The performance of the SHALO approach is also evaluated by solving the same problems on GA and PSO approaches. During these solutions, built-in GA and PSO optimization modules of the MATLAB platform are used. Since the solutions in ALO, saALO, EALO, and SHALO approaches are conducted by considering the population number of 50 and the maximum number of iterations of 1000, the same values are also used for both GA and PSO to make an exact comparison in terms of the total number of function evaluations. However, different values of these parameters may provide better results for GA and PSO which is out of scope of this work. Furthermore, although the same random number seeds are also used, both GA and PSO approaches start the search process from different initial points since the solution sequence of the MATLAB’s built-in modules are different.

The reason for solving all the problems 100 times is to evaluate the performance of the SHALO approach for different random number seeds. This is an important analysis to evaluate the robustness of the approach. In this context, the outcome of these 100 model executions is evaluated by using different statistical metrics (minimum, maximum, mean, median, and standard deviation).
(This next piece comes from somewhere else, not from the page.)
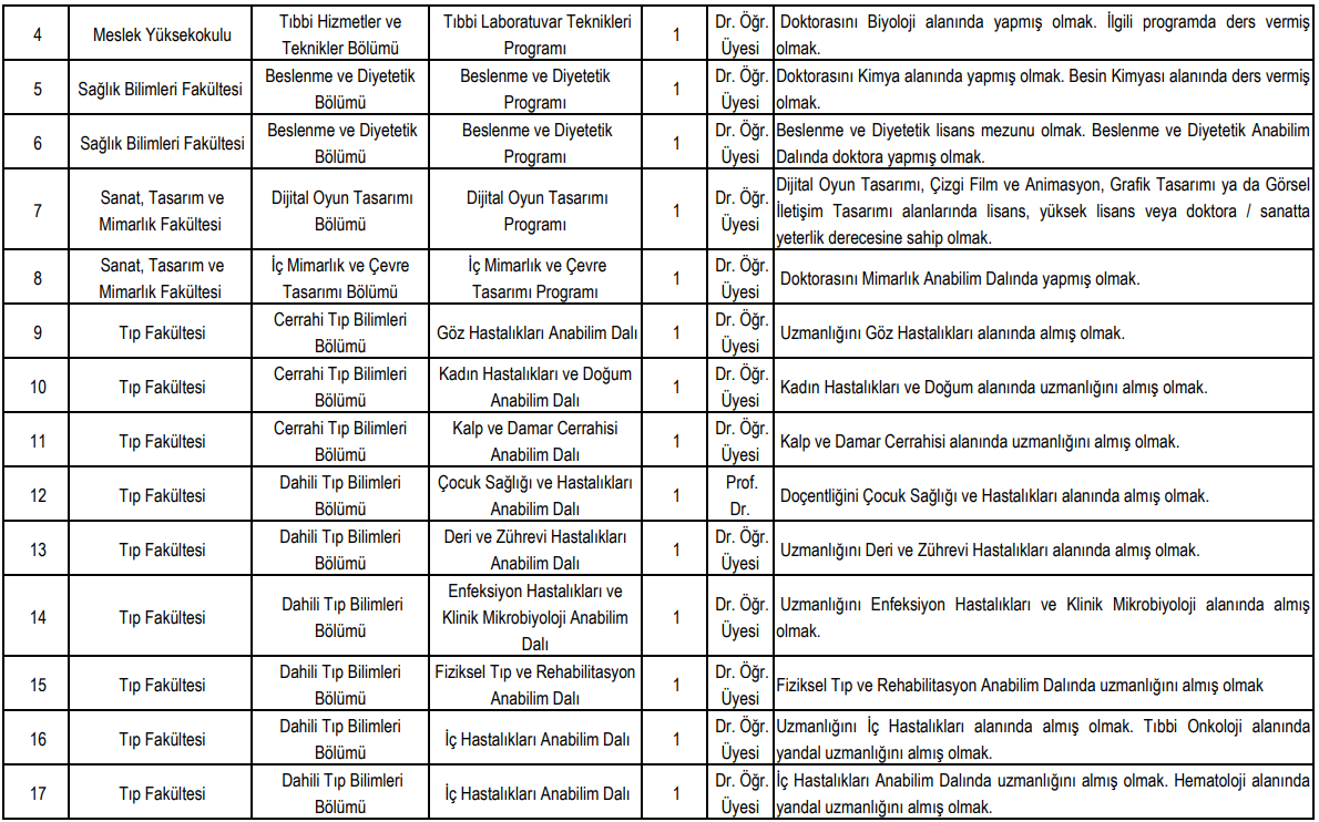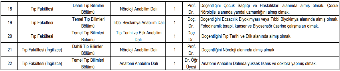 Ayrıca Temel Tıp Bilimleri Bölümü bünyesinde Tıbbi Biyokimya ve Tıp Tarihi ve Etik anabilim dalları için doçent kadroları açıldı. Fotodinamik terapi, kanser ve biyosensör alanlarında çalışmaları bulunan adaylar için özel şartlar ilan metninde yer aldı.

Furthermore, all the solutions are evaluated in terms of the success rate \((SR)\) and accuracy \((AC)\) metrics. These model evaluations indicate that the proposed SHALO approach statistically provides better results than all the other approaches. The same outcome is also observed for the other measures that the mean \(SR\) values of the solved problems are obtained as 22% for ALO, 25% for saALO, 14% for EALO, 28% for GA, and 49% for PSO. On the other hand, this mean \(SR\) value is obtained as 76%for the proposed SHALO which is significantly better than the other approaches. Similarly, the mean \(AC\) values for each solved example are obtained as: 83% for ALO and EALO, 84% for saALO, 88% for GA, and 91% for PSO. For the same measure, the proposed SHALO approach is resulted with a mean \(AC\) value of 91%. These results indicate that use of the SHALO optimization approach can increase the rate of reaching the global optimum solutions for the problems solved in this work.